Image texture measures quantify the spatial variability in pixel brightness values and have been used as surrogates of different aspects of habitat heterogeneity (St-Louis et al. 2009). We explored first-order (occurrence of pixel values) and second-order textures (relative spatial distribution of pixel values) as predictors for H. alaotrensis habitat suitability. These variables were calculated with ArcGIS9 and MATLAB based on a moving window (kernel) with sizes ranging from 3 to 11 pixels, applied on either NDVI or an unsupervised classification (Mather 2004, p. 207) of the marsh in three broad classes that correspond to open water (3); flooded fragmented marsh and fields (2); and compact marsh vegetation (1). This intermediate variable was created with ArcGIS9, using NDVI and the raw ETM+ bands. We verified visually that the classification accuracy was adequate based on our knowledge of the areas surveyed. We created the following texture measures:

  • 1 Shannon’s diversity index (Shannon 1948) was calculated for the classified image as a first-order texture that reflects the relative abundance of the three broad classes. This index has been successfully applied to habitat suitability modelling (Mestre, Ferreira & Mira 2007). We expected habitats with high values (the three classes in similar proportions within the window) to be of low suitability for H. alaotrensis.
  • 2 The percentage of pixels within the kernel belonging to each class, a measure of first-order texture. Proportions of different relevant variables within a kernel have been used in habitat studies (Wintle, Elith & Potts 2005). In our case, areas with a high percentage of marsh were expected to have higher suitability.
  • 3 Semivariogram of the NDVI raster, a second-order measure which describes the spatial correlation of the pixels that lie at a certain distance from each other, calculated as half the average difference squared between the values of all combination of pixels located at distance d. The variable was calculated for adjacent pixels (‘d = 1’, distances of 1 and 1·4 pixels) and also for ‘d = 2’ (distances of 2 and 2·2 pixels). The semivariogram has been applied to remotely sensed NDVI and habitat studies (Bayliss, Simonite & Thompson 2005). We expected high values of the semivariogram, characteristic of fragmented marsh, to appear less suitable for H. alaotrensis.
  • 4‘Power content at high frequencies’, based on the fact that an image with rapid changes in neighbouring pixels will have a larger amount of high frequency information on its 2D frequency spectrum (Mather 2004, p. 169).
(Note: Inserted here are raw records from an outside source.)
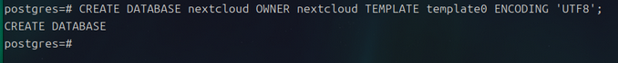 sudo -u postgres psql -d nextcloud -c "GRANT ALL PRIVILEGES ON DATABASE nextcloud TO nextcloud;"
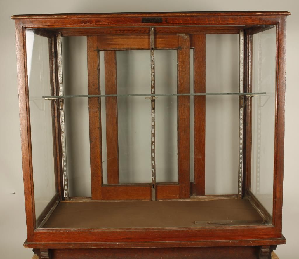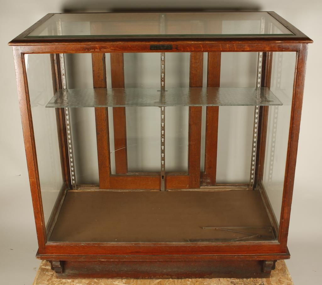 42" high, 42" wide, 24" deep. Two shelves. One of the glass doors is cracked.
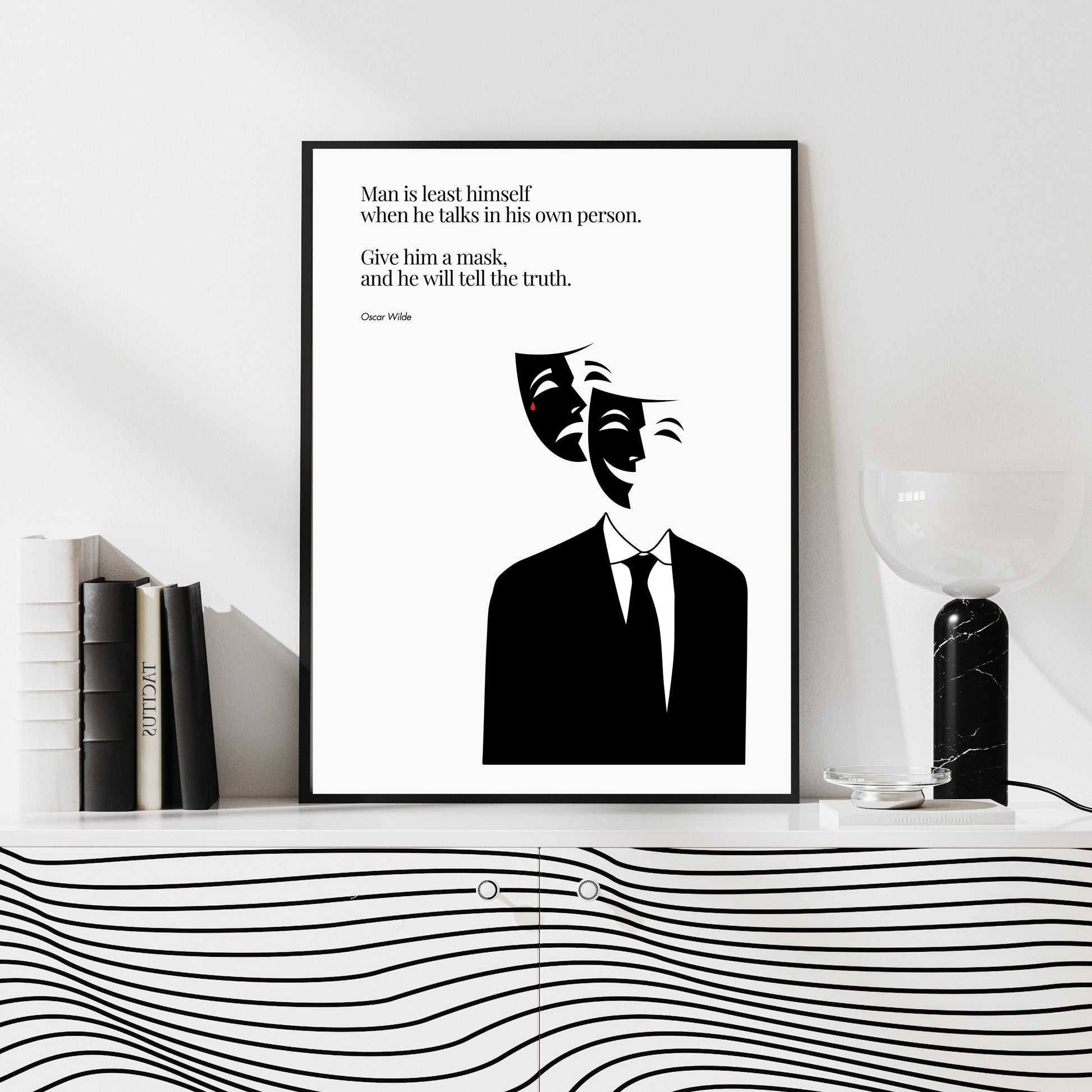 This minimalist poster visualizes one of Oscar Wilde's most piercing reflections on human nature: 'Truth wears many faces. Sometimes, it hides behind a smile.' The design features two theatrical masks—one laughing, one weeping—hovering over a faceless figure, exploring the duality of identity and the honesty found in disguise.

For each pixel on the NDVI raster, the power in the higher part of the 2D spectrum for a kernel around it was calculated using a 16-point Fast Fourier Transform. This spectral variable represents a measure akin to a spatial domain second-order texture like the semivariogram, but is calculated in the frequency domain. We therefore expected high values to be associated with low suitability, as they would represent kernels with frequent transitions between high and low NDVI pixels, that is, areas of fragmented habitat at the pixel grain. Mather (2004, p. 162) provides an accessible explanation of the application of the frequency domain operations to remote sensing, while Proakis & Manolakis (2006) offer a more theoretical account. The Fourier transform has been applied to remote sensing data for several purposes, including image enhancement, detection of periodicities and the derivation of texture measures (Mather 2004, p. 169, 239) but to our knowledge this is the first application of this predictor of habitat structure in habitat modelling.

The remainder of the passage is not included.